Direktur LIBU Perempuan, Dewi Rana Amir, mengungkapkan dari 14 kasus kekerasan terhadap perempuan dan anak yang dilaporkan ke lembaganya dari Januari hingga Juli 2019, separuhnya adalah kasus pelecehan seksual, yakni mengintip perempuan yang sedang mandi.

Modusnya adalah menyimpan cermin di kamar mandi hingga melubangi dinding lalu merekam dengan kamera ponsel.

Modus yang terakhir disebutkan terjadi di salah satu rumah hunian sementara (huntara) di Palu.

“Korbannya seorang ibu muda yang sedang mandi. Yang memvideokan anak SMA,” ujar koordinator LIBU, Maya Shafira.

Pemerintah dan sejumlah donor mendirikan huntara sebagai rumah sementara untuk para penyintas gempa di pesisir Teluk Palu, Provinsi Sulawesi Tengah, pada 28-29 September tahun lalu.

Hingga saat ini, di Palu, Sigi, Donggala, dan Parigi Moutong telah dibangun 699 huntara.

Setiap huntara itu terdiri dari sejumlah blok. Mirip bedeng, satu blok terdiri dari beberapa bilik, biasanya 12, meskipun ada yang satu blok hanya empat bilik.

Biliknya rata-rata berukuran 5 x 4 meter walau ada yang lebih kecil. Satu bilik diperuntukkan bagi satu kepala keluarga.

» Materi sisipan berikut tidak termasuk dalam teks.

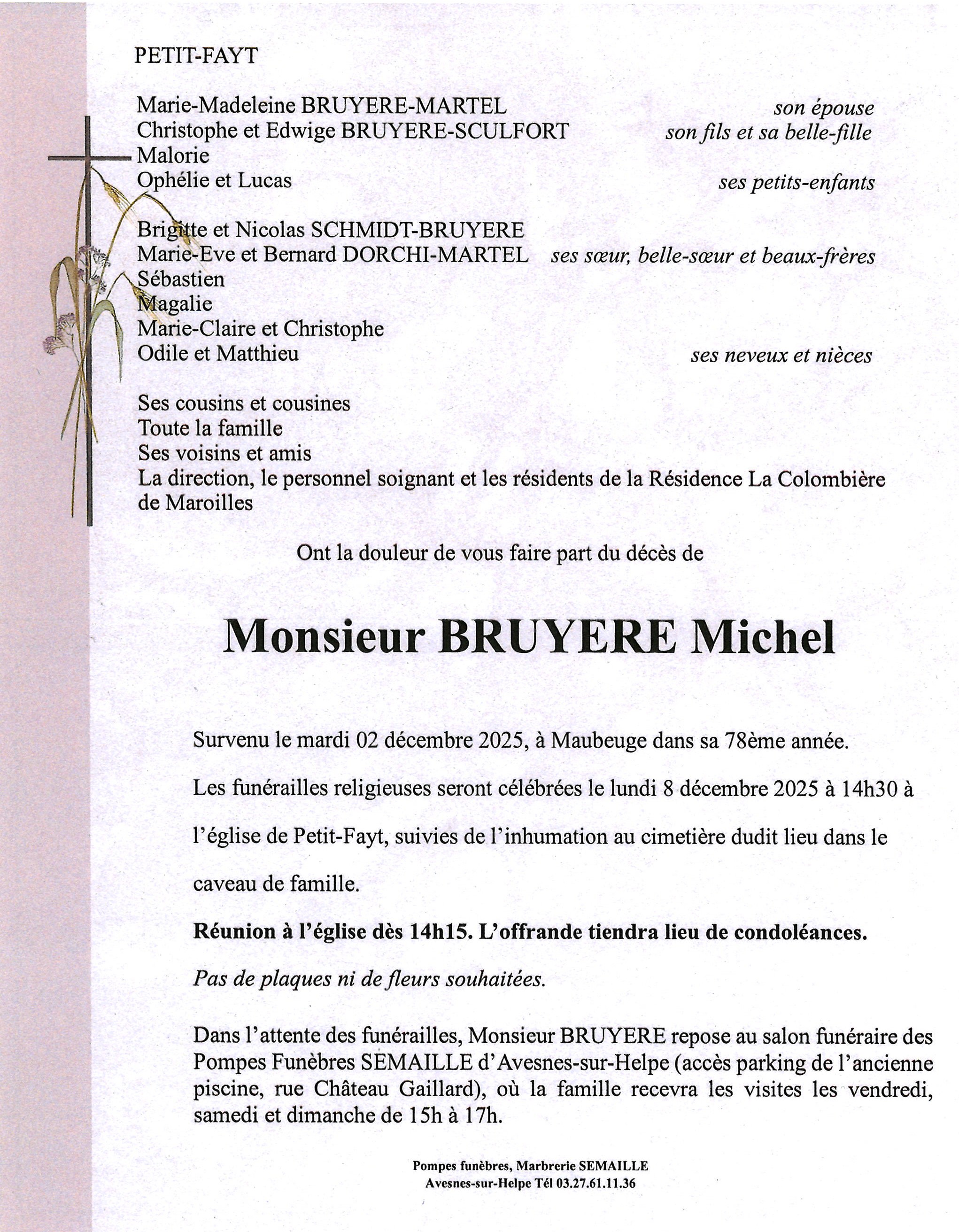 Déroulement des funérailles de Monsieur Michel BRUYERE
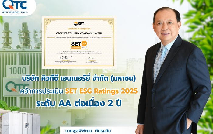 QTC คว้าหุ้นยั่งยืน SET ESG Ratings ระดับ “AA” ต่อเนื่องปีที่ 2 นายพูลพิพัฒน์ ตันธนสิน ประธานเจ้าหน้าที่บริหาร บริษัท คิวทีซี เอนเนอร์ยี่ จำกัด (มหาชน) หรือ QTC เปิดเผยว่า บริษัทฯ ได้รับการประเมิน “หุ้นยั่งยืน” SET ESG Ratings ประจำปี 2025 ที่ระดับคะแนน AA ต่อเนื่องเป็นปีที่ 2 จากตลาดหลักทรัพย์แห่งประเทศไทย สะท้อนถึงความมุ่งมั่นของ QTC [...]
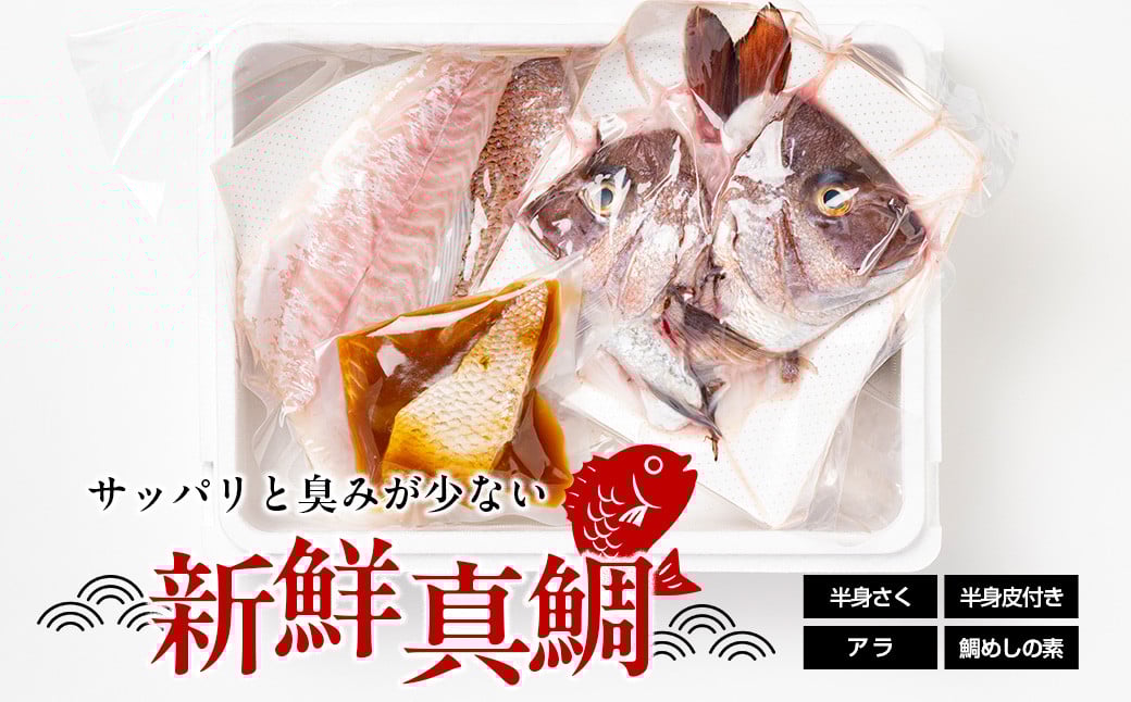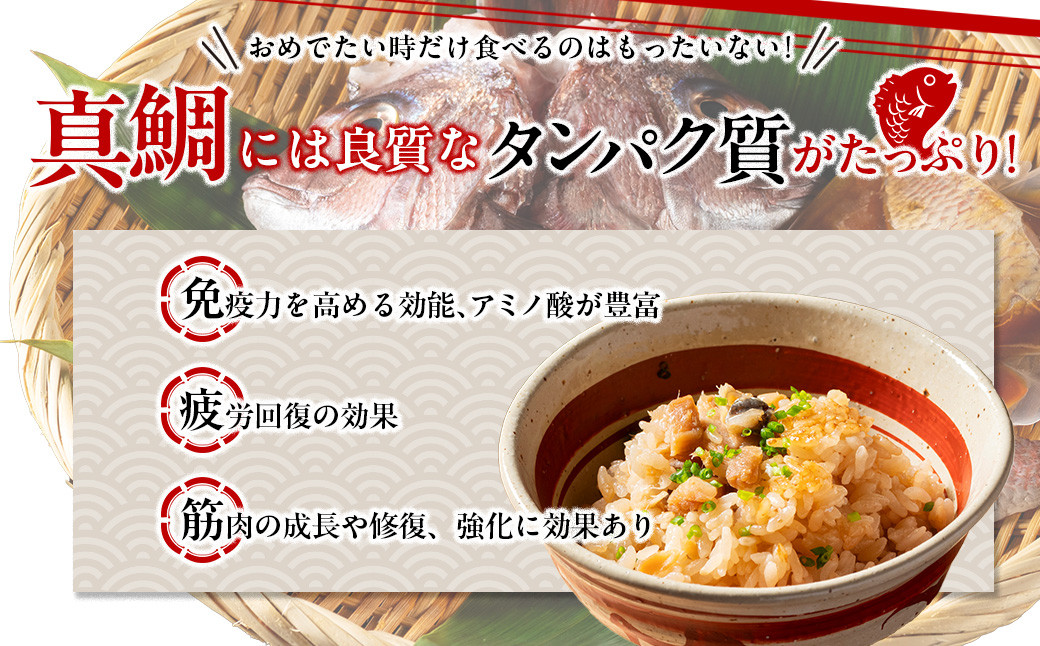 | 容量 | 【No.592】 真鯛1尾(半身さく・半身皮付き・アラ) 鯛めしの素2合3袋 |

Saat ini sebanyak  8.808 kepala keluarga dengan sekitar 33.092 jiwa tinggal di penampungan ini.

Para penyintas tinggal di huntara ini sampai huntap selesai dibangun. Huntap adalah akronim dari hunian tetap—sebuah rumah pengganti.

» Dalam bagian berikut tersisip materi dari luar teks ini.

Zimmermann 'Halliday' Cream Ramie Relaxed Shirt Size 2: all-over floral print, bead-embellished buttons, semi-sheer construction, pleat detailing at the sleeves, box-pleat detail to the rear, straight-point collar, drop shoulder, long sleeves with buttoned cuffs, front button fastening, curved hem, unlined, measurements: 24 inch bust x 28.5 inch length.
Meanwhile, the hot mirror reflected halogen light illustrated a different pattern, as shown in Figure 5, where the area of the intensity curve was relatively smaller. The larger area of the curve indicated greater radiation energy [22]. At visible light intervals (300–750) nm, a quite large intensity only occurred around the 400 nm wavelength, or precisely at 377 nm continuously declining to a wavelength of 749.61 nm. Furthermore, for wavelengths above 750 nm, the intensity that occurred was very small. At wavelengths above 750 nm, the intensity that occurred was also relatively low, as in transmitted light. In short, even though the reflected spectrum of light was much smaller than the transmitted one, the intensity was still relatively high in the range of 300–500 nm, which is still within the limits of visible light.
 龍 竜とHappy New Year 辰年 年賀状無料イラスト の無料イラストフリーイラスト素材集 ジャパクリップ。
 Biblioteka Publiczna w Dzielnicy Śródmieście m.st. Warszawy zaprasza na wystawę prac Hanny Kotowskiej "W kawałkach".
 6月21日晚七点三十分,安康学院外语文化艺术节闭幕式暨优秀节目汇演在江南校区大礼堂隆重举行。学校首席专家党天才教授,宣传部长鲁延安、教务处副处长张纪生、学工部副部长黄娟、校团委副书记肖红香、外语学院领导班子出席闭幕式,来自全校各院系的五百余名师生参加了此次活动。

Diperkirakan mereka akan tinggal di huntara dua tahun, bisa juga lebih lama lagi.

Kekerasan oleh suami

Namun, bagi Vindy (40), belum juga setahun tinggal di huntara, hidupnya sudah nyaris tamat.

Gara-gara urusan sepele, soal lampu, ibu tiga anak ini pada Juni lalu dihajar suami sirinya, Hakim (30), sampai korban babak belur.

Menurut Vindy, sebenarnya, sang suami sudah bersikap kasar kepadanya sejak sebelum mereka tinggal di huntara.

“Sejak menikah 2017,” ujar dia.

Namun, setelah mereka tinggal di huntara, kekasarannya menjadi-jadi. Serasa di neraka saja jadinya.

Puncaknya pada Juni 2019. Waktu itu kakaknya datang mengunjunginya di huntara. Vindy amat menghormati kakaknya ini karena sering diberi makan. Sementara suaminya tidak bekerja.

Untuk menyenangkan kakaknya, dia menyalakan lampu. Namun, suaminya yang sedang tidur minta lampu itu dimatikan kembali sambil marah-marah.

“Akhirnya kakakku so bamarah. Dia pukul paituaku (suami),” katanya.

Akibat keributan itu, hakim hengkang ke rumah orangtuanya di Mamboro. Selang beberapa hari, Vindy mendatangi rumah mertuanya untuk mendamaikan keributan itu. Tapi di sana ia malah dianiaya suaminya.

“Dia pukul saya dari belakang dan saya pun terjatuh. Kemudian dia injak lagi saya sambil mengatakan ‘Sudah begini kau injak-injak harga dariku’. Begitu dia bilang,” ujarnya.

Dengan berat hati Vindy melaporkan penganiayaan itu ke polisi. Karena keduanya menikah secara agama, tidak ada buku nikah, suaminya dilaporkan untuk pasal tindak penganiayaan.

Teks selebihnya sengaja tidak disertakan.